Etesam was a member of the Tehran Building Engineering Organization; the International Federation for Housing and Planning in The Hague, Netherlands; the International Association of Housing Sciences in Miami, Florida; the International community of Aktis-Ticks in Athens, Greece; International Association for the Study of Traditional Environments (IASTE) in Berkeley, California; and the Association of Architects and the American Association of Students.

=== Teaching experience ===
Etesam had teaching roles which have included associate professor at the National University of Tehran (now known as Shahid Beheshti University, 1960–1964); associate professor at the University of Tehran (1961–1967); the head of the technical office of the Faculty of Fine Arts, University of Tehran (1963–1968). He was a visiting professor at the University of Washington (1972, 1981–1985), in Seattle; a researcher at the Center for Urban Studies at the University of California, Berkeley (1978–1979), and a lecturer at the University of California, Berkeley (2000–2001).

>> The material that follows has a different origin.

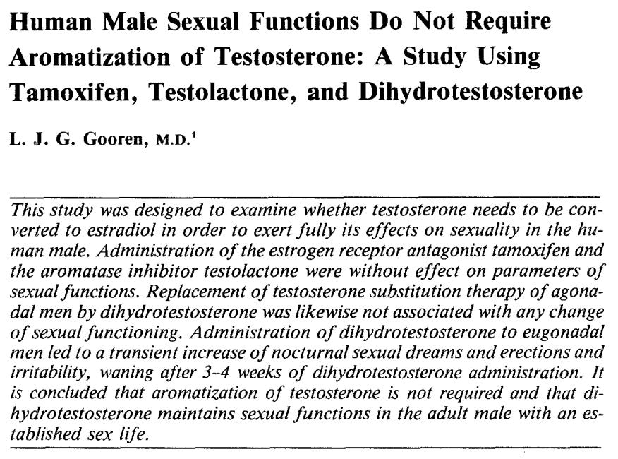 Gooren LJ. Human male sexual functions do not require aromatization of testosterone: a study using tamoxifen, testolactone, and dihydrotestosterone. Arch Sex Behav. 1985 Dec;14(6):539-48. doi: 10.1007/BF01541754. PMID: 4084053.

==Architectural projects==
Project management and design:
- Shah Cheragh complex, Shiraz, Iran
- Campus of Sistan University and Baluchestan University, Iran
- Mahallat Tourism Complex, Sarein Ardebil, Lahijan, Iran
- Caspian Sea Coastal and Regional Planning, Iran
- Master Plan of Shiraz, Kazeroon, Zanjan, Sari, Gorgan in Iran
- Prototype of the Saint-Tropez complex, Saint-Tropez, France
- Hajjis construction complex in Madinah, Mumbai, Saudi Arabia
- Reconstruction of the permanent representation of Iran at the United Nations – New York
And more than a dozen residential and office complexes.

==Collected works==
- The translation of the book of the Eagle of the Two Heads, from the Past to the Future of the Human Settlement by Constantine Daxpadis, Mullin Jam Publication 1998
- The translation of the book of Islamic architecture, form, function and meaning of the work of Robert Hillenbrand, Procurement Publication and Urban Planning of Tehran Municipality 1998

Multiple articles in domestic and foreign specialised journals.